#### [YOUR INSTRUCTIONS]
Out of the material that follows, write out exactly the lines from the line with "I want to perform" to the line with "2月27日,河南省開(kāi", both ends included, and no others.

#### [EXERCISE DATA]
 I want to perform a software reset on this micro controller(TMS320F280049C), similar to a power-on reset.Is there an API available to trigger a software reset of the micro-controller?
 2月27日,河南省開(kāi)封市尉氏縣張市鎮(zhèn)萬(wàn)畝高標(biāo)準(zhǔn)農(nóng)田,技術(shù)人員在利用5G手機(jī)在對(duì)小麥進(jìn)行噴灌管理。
---
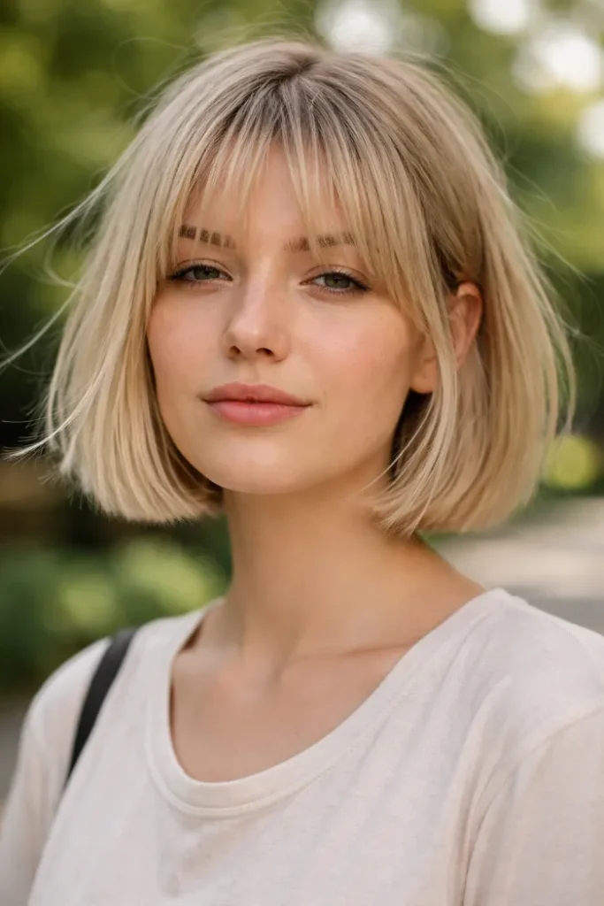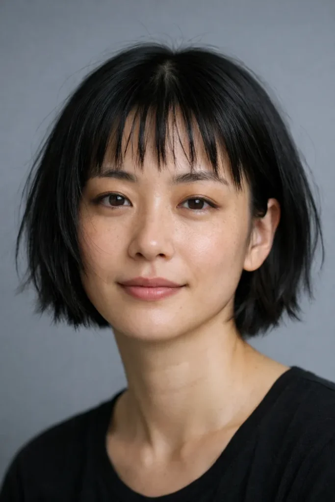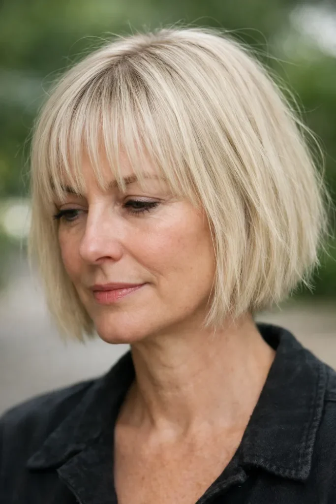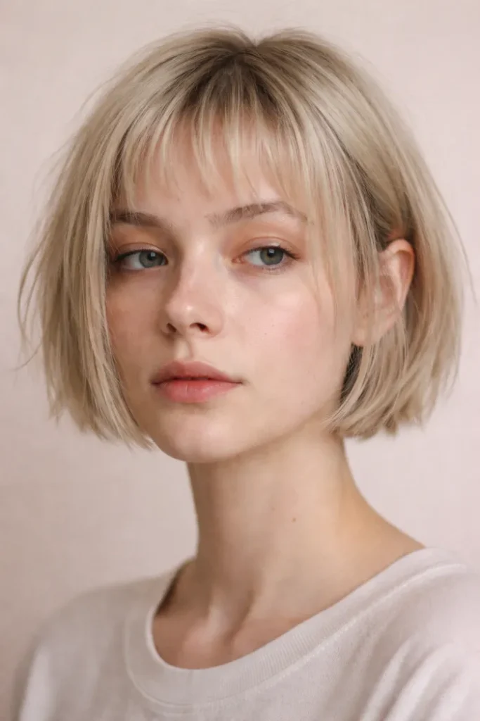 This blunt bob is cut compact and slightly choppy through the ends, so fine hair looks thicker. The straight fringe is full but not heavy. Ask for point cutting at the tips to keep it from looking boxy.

#### [SOLUTION BELOW]
 I want to perform a software reset on this micro controller(TMS320F280049C), similar to a power-on reset.Is there an API available to trigger a software reset of the micro-controller?
 2月27日,河南省開(kāi)封市尉氏縣張市鎮(zhèn)萬(wàn)畝高標(biāo)準(zhǔn)農(nóng)田,技術(shù)人員在利用5G手機(jī)在對(duì)小麥進(jìn)行噴灌管理。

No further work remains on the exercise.